In this CRA Insights, we update the Rule 702 decision trends in last year’s Insights with 2024 data. We also provide descriptions of two specific challenges in 2024 Rule 702 decisions.
Rule 702 decision trends are based on our review of available US district court decisions concerning damages experts in patent infringement matters that have sufficient information for analysis. The number of Rule 702 decisions available to analyze in 2024 was 159, slightly lower than 2023 (165 decisions) but higher than any other year during the 2015–2024 period analyzed in this newsletter. The overall exclusion rate in such decisions—where the court either granted or partially granted a motion to exclude or limit a damages expert’s testimony—was approximately 46%, higher than the 2022 and 2023 overall exclusion rates of approximately 41%. Overall exclusion rates from 2015 through 2024 are presented in Table A below.
We also analyze differences in exclusion rate between plaintiff’s experts and defendant’s experts.

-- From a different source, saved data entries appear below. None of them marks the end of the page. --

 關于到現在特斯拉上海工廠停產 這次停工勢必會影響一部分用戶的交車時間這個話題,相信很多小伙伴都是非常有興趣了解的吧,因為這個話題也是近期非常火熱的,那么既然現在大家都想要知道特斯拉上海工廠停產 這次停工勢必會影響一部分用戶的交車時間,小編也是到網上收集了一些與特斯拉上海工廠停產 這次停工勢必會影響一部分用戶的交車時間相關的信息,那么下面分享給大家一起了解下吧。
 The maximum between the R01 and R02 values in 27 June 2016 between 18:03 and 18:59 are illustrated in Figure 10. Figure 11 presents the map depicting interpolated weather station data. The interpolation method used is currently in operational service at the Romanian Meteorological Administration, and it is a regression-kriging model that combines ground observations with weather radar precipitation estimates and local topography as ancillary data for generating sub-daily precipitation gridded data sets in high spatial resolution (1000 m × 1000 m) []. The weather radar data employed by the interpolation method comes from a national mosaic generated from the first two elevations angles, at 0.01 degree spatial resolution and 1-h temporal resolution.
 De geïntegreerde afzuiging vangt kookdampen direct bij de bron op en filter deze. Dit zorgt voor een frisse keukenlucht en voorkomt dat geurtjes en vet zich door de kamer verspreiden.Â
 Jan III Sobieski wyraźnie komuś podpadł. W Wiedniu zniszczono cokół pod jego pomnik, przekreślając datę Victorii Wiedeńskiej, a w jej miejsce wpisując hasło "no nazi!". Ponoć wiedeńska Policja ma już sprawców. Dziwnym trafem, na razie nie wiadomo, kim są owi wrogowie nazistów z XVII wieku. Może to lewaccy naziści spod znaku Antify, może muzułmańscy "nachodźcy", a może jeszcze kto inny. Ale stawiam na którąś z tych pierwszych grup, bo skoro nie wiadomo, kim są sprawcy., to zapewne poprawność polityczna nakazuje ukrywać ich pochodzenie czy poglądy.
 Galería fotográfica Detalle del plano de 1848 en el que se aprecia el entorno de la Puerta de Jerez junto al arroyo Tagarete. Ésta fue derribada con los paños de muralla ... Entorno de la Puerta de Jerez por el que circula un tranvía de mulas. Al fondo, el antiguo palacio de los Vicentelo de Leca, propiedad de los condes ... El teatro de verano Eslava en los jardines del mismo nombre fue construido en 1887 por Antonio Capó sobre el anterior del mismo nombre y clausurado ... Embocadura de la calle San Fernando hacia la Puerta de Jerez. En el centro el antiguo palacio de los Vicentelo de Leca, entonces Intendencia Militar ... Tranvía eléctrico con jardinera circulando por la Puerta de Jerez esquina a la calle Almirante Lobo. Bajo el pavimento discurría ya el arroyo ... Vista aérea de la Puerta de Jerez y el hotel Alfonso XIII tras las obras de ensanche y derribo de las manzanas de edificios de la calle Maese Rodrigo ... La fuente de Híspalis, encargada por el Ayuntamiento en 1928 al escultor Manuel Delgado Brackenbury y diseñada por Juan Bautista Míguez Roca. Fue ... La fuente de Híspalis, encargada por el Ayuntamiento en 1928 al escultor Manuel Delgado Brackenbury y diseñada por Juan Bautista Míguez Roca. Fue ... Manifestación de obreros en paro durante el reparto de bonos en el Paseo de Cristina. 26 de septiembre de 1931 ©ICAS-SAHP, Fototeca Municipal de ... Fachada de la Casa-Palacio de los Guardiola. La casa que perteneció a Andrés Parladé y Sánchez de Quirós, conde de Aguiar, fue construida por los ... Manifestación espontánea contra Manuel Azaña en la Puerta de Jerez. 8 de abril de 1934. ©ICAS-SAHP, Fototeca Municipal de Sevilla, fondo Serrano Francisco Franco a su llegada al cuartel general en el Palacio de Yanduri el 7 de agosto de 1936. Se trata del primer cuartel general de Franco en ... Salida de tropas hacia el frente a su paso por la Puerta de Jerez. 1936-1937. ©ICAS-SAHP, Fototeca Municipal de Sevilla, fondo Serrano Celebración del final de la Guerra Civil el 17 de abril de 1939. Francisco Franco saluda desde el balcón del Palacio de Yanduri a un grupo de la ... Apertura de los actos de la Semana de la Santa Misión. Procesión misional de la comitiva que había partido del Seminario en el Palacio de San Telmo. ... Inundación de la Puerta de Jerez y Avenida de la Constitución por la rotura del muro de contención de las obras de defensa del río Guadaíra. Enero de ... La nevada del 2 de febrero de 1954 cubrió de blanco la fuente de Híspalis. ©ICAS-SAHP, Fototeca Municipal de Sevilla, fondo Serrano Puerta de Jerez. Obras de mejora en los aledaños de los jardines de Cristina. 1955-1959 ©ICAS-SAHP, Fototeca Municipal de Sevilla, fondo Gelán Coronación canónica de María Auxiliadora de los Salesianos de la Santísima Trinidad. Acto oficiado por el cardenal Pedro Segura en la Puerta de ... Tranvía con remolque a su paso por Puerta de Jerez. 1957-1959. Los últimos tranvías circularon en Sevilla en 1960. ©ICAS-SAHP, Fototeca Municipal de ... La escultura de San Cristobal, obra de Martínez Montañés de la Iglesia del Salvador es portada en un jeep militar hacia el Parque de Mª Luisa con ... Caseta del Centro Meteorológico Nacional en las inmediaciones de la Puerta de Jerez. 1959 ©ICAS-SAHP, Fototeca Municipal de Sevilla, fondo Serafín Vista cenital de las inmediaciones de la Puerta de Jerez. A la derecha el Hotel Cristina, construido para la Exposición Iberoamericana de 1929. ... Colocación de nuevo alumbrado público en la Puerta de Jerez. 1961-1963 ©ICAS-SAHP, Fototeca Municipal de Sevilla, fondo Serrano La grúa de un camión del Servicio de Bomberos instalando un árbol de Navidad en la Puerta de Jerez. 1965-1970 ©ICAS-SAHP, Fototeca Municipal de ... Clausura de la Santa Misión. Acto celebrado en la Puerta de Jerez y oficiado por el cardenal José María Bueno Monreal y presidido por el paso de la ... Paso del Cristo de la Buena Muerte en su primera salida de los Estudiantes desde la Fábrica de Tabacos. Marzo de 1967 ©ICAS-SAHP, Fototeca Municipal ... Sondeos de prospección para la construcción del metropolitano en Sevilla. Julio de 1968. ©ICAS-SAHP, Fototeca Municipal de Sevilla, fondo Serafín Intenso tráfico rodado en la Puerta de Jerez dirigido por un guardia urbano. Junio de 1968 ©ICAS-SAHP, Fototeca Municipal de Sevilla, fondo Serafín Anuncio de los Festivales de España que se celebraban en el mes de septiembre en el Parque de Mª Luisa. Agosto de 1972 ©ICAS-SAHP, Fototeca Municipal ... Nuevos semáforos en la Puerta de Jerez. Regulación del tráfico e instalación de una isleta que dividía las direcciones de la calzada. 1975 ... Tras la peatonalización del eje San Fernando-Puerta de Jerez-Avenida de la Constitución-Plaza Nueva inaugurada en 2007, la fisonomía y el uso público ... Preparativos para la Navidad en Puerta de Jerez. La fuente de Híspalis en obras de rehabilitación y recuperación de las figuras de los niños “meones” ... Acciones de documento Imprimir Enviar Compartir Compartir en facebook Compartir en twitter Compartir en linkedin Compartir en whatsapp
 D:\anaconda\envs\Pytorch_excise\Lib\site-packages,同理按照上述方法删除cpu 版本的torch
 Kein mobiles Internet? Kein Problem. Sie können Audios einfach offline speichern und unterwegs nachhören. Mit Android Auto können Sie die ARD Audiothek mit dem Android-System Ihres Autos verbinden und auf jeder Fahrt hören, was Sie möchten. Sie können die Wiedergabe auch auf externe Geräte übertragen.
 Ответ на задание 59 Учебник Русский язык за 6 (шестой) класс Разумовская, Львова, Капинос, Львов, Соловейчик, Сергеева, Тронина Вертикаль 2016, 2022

While the difference in overall exclusion rates between plaintiff’s and defendant’s experts has varied from year to year, over the entire 2015–2024 period, the overall exclusion rate has been slightly higher for defendant’s experts (46%) compared with plaintiff’s experts (41%). This difference in overall exclusion rates has been somewhat prominent in recent years, with the overall exclusion rate for defendant’s experts exceeding the overall exclusion rate for plaintiff’s experts by approximately 17% in 2023 and 8% in 2024. Overall exclusion rates from 2015 through 2024, by expert party (where “P” is plaintiff and “D” is defendant), are presented in Table B below.

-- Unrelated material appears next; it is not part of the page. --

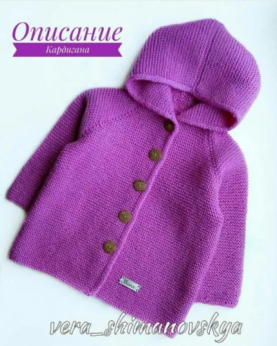 Не забываем делать дырочки для пуговиц. Когда реглан будет 14см, на спинке начинаем вывязывать азиатский росток 2см.

From 2015 through 2024, 237 different judges have ruled on at least one Rule 702 decision that has been analyzed in this newsletter. Five judges have ruled on over 34% of these decisions (446 out of 1,314 total decisions). Each of these five judges has ruled on at least 64 decisions over the 2015–2024 period, while the average number of decisions for the remaining 232 judges is fewer than four, with no judge ruling on more than 30 decisions. Despite the difference in the number of decisions per judge, each group of judges (top five compared with the remaining 232) had similar overall exclusion rates, demonstrating general consistency with how Rule 702 is applied by judges with different levels of Rule 702 experience. The number of decisions and overall exclusion rates for each group of judges are presented in Tables C and D below.

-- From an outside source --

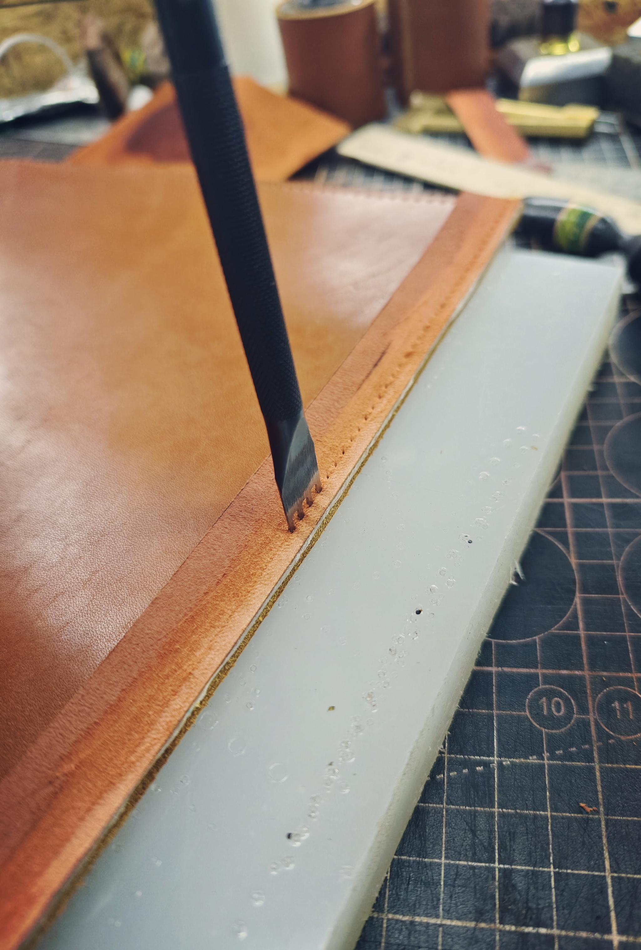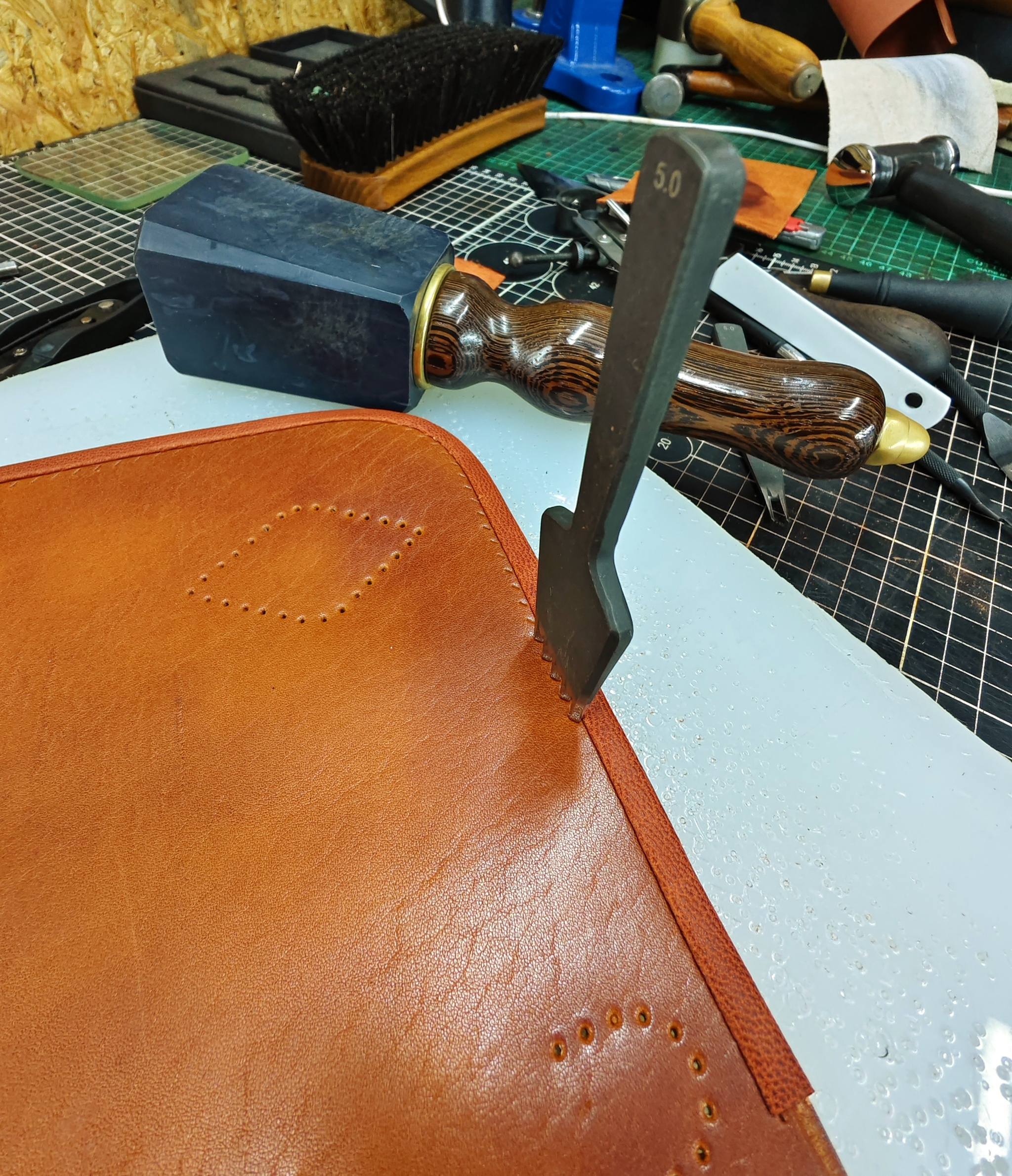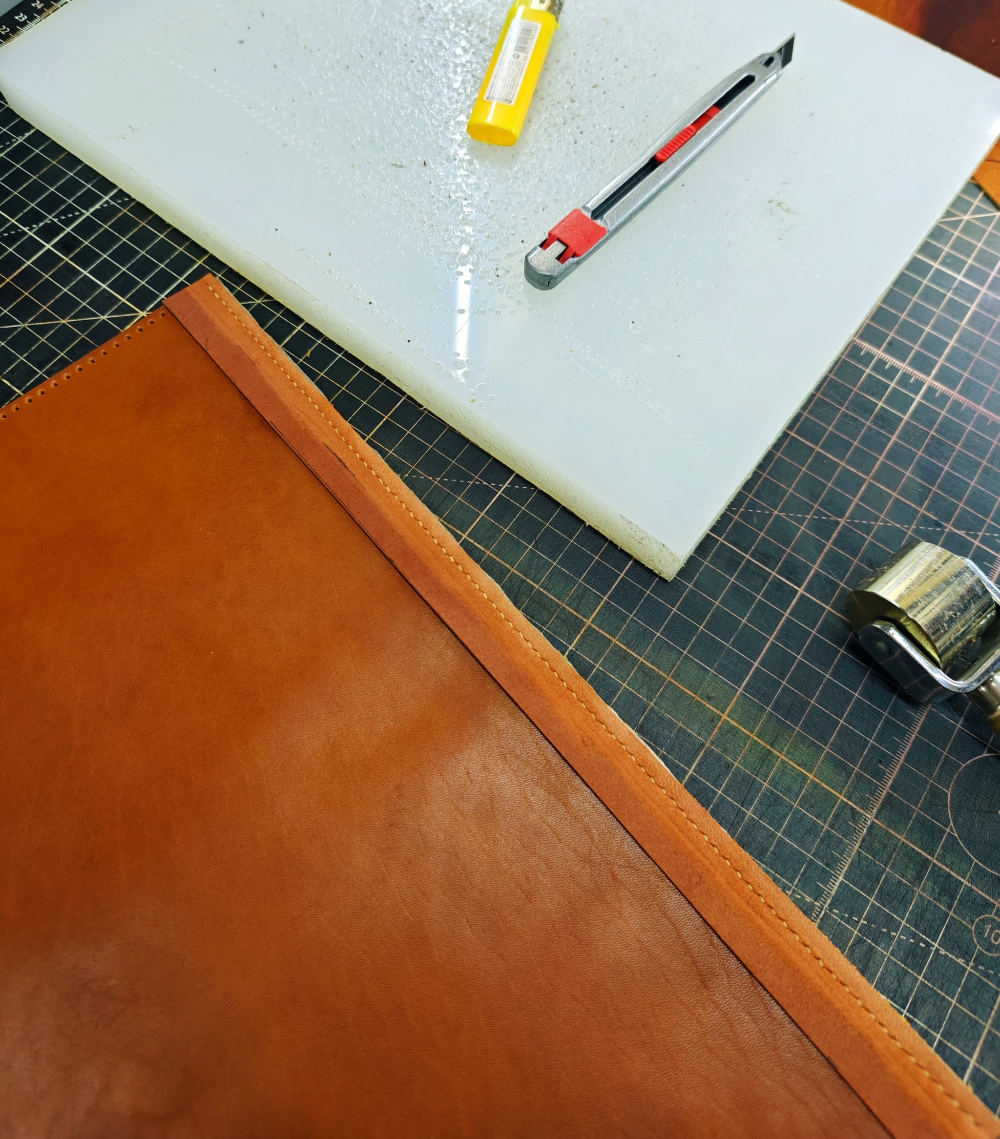 Далее, начинается чистое творчество. Кожа у меня краст (кожа без Завадского финишного покрытия), в толщине около 2,6 - 2,8 мм.

As discussed in prior CRA Insights, the Supreme Court approved a clarifying amendment to Federal Rules of Evidence Rule 702 that went into effect on December 1, 2023. As demonstrated in the statistics above, the amendment has not shown to have a material impact on exclusion rates in Rule 702 decisions. For example, while the 2024 exclusion rate was somewhat higher relative to 2023 and 2022, the exclusion rate for 2024 was generally consistent with (although still slightly higher than) the overall exclusion rate for the 2015‒2023 period. This would suggest that courts view the amendment as a clarification of the rule, rather than a change in the threshold of admissibility. For example, the following excerpts from Rule 702 decisions in non-patent cases (i.e., not included in the statistics above) provide instances where courts have explicitly disclosed that their decisions in those cases were not impacted by the rule change:
- “The court’s decision would be the same under either version of the rule” (Memorandum and Order, December 28, 2023, Bextermueller News Distributors, Inc. et al. v. Lee Enterprises, Inc. et al., Case No. 4-22-cv-00344).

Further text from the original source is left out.